Aunque es un trabajo que hacen tanto hombres como mujeres, el riesgo para ellas es mayor. "Toda la vulnerabilidad que vemos en la mujer socialmente se ve como reflejo en su utilización delictiva. Hay una subordinación al hombre, y además ellas corren más riesgo que los hombres", explica Toranzo.
Ana Clarisa Galán Muñoz, defensora pública de Salta, atiende cada día a quienes son detenidos transportando droga. Por eso también tiene claro el perfil, sabe a quiénes buscan los narcos para ese rol: "Gente pobre que necesita dinero a cambio del traslado de un paquete hay un millón. Saben que es algo malo, pero muchas veces las mujeres que trasladan no tienen idea de cuánto es la pureza ni a quién va a llegar, y son las que asumen todo el riesgo".
Cuando la persona cruza con la droga no sabe quién la va a recibir. A veces le dan un celular sin GPS para que llame cuando esté en el punto indicado; otras veces le sacan una foto y le dicen que alguien se le va a "pegar" en la terminal. Así, con esa modalidad de compartimentos estancos, "células" independientes, de no saber nada del eslabón que sigue, es que los narcos se garantizan impunidad. Y las investigaciones, en muchos casos, terminan cuando se detiene a la mula. Como Bernarda, que lleva un año y seis meses presa sin condena.
No puede salir de la habitación que funciona como su casa. Un hombre rubio fue un día a marcar el perímetro y dejar listo su sistema de encierro. Si se aleja, la tobillera negra que tiene amarrada en su pierna derecha suena. Y alguien la llama a un teléfono fijo, grande, negro, para corroborar que no incumpla el arresto.

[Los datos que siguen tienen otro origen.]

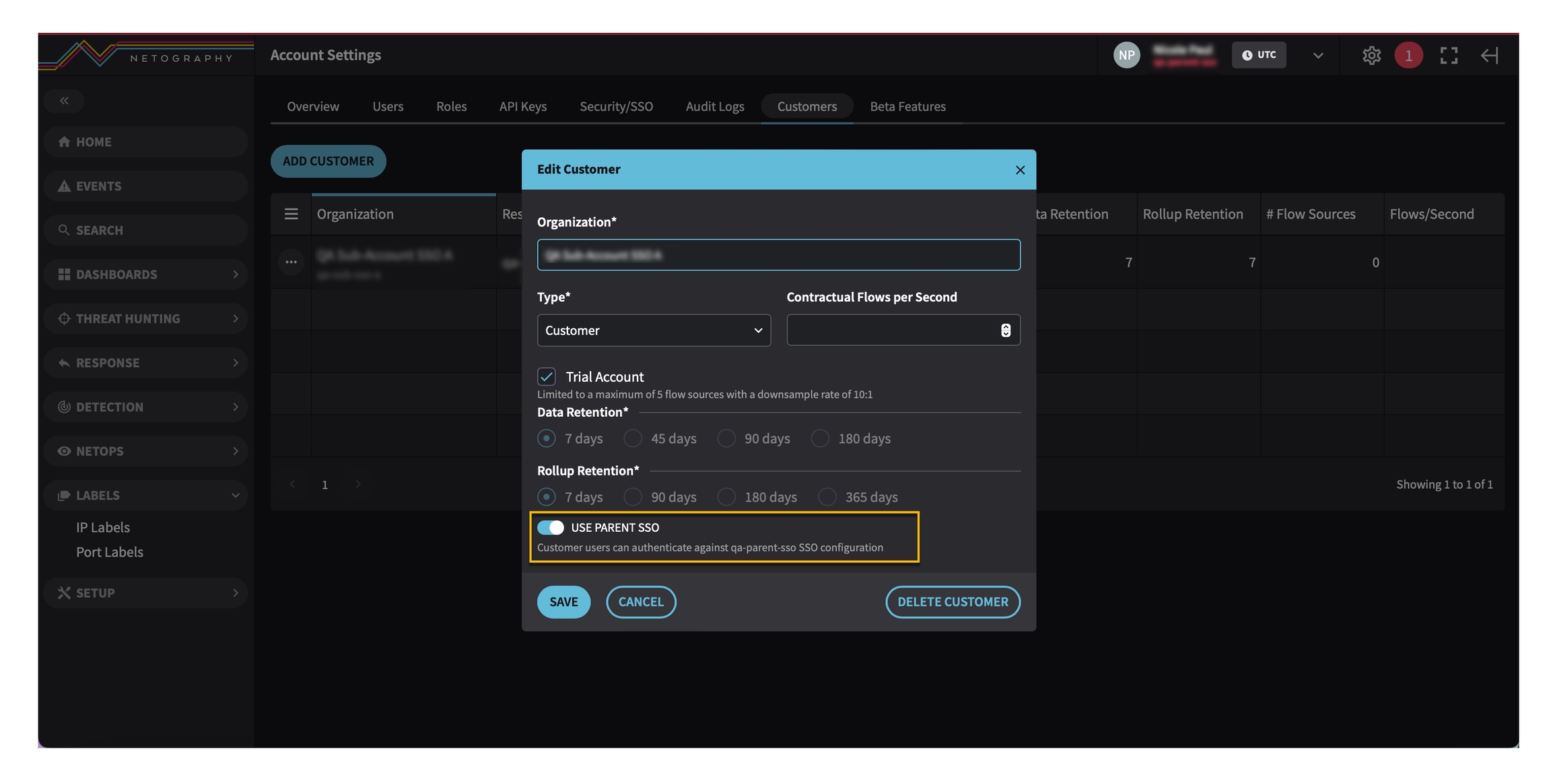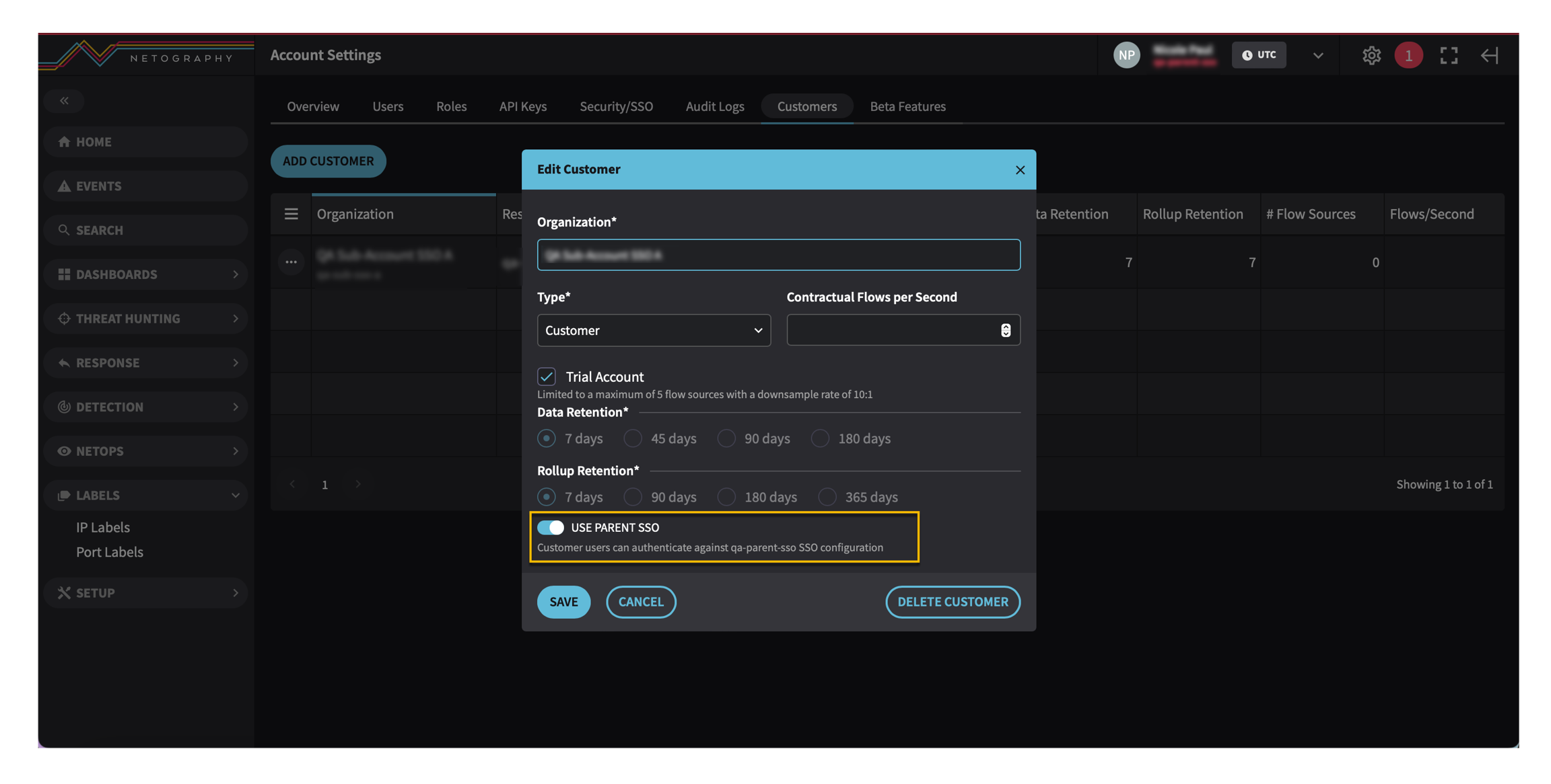 In the Account Settings, Edit Customer form, the "Use Parent SSO" toggle displays, allowing the use of parent SSO for sub-accounts.

De su juicio, Bernarda no sabe nada.
La vergüenza
En el equipo de la Defensoría que coordina Clarisa Galán hay una psicóloga que pudo detectar que entre las detenidas por transporte de drogas el perfil psicológico se repetía: "Poca ambición intelectual, muy retraídas, un autoconcepto desvalido, sensación de pocos recursos. Son personas minimizadas, sumisas".
Entre 2015 y 2018 los detenidos en Salta por infracción a la ley de drogas pasaron de 1314 a 3023, un aumento del 230%. En 2018 pasó a ser la tercera provincia con más detenidos por drogas, después de Buenos Aires y la Capital.
En la sociedad salteña, las personas que cometen delitos de narcotráfico son peor vistas que las que matan o abusan. Eso notó Mónica Jarruz, psicóloga que antes trabajó como perito en causas de homicidio y abuso: "El narcotráfico en el norte causa mucha vergüenza, especialmente en las mujeres. La droga conceptualmente acá es algo muy malo, que la gente lo sentencia. Puede decir que estuvo 6 años preso por violencia intrafamiliar y no va a ser tan grave como decir que estuvo 3 años por transportar cocaína".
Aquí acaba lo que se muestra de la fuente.